Stated briefly, then, our conception is, that the fertilised egg is composed of a number of entities, to which we have given the name “biological molecules,” because in certain respects their behaviour is not unlike that of chemical molecules.
The units which compose these molecules, being made up of protoplasm, are endowed with all the properties of life, including the inherent instability which characterises all living matter.
We suggest that the continuous or fluctuating variations that appear in the adult organism may be the result of individual differences in the biological “atoms” that compose the molecule.

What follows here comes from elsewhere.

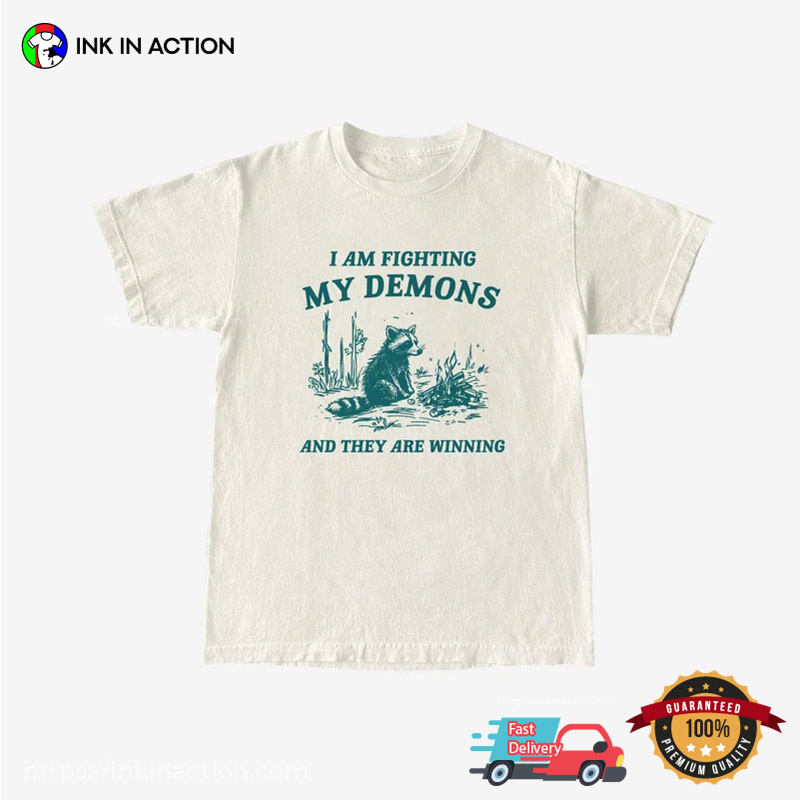I Am Fighting My Demon And They Are Winning Retro Raccoon Meme T-shirt

Discontinuous variations, or mutations, on the other hand, may be the result of a rearrangement of the atoms within the biological molecule. Upon what causes this rearrangement it would not be very profitable to speculate in the present state of our knowledge. To do this would be to inquire into the cause of a re-grouping of entities of the existence of which we are not certain! For aught we know there may be an intracellular struggle for nourishment among the various molecules and among the atoms which compose the molecules. If one molecule enjoys any special advantage over the others the result may be an unusual degree of development of the resulting unit character; in other words, the result will be a variation in the organism. This variation may prove favourable or unfavourable to its possessor.
Struggle for Nourishment
Certain phenomena seem to point to a struggle for nourishment between the germinal and the somatic portions of the egg, between the parts from which the sexual cells of the resulting organism are produced and those which give rise to the body of the organism. Each molecule may strive, so to speak, to increase at the expense of the others. Thus, great size in an organism is likely to be produced at the expense of the germinal cell-forming molecules. In other words, great size in an organism would be incompatible with excessive fecundity. This is what we observe in nature. On the other hand, poor development of bodily tissue, as in the case of intestinal parasites, would be correlated with great fecundity. Some organisms are mere sacs full of eggs.
Success in the struggle for nourishment of one molecule might be shared by the other molecules near to it, hence the phenomena of correlation.
It is thus conceivable that, in a brood consisting of several individuals, a particular molecule or set of molecules in one of the individuals may receive more than its share of nourishment, and this will result in the organs of that individual which spring from the well-nourished molecules being exceptionally well developed. Thus arises the phenomenon of differences between the members of a litter or brood.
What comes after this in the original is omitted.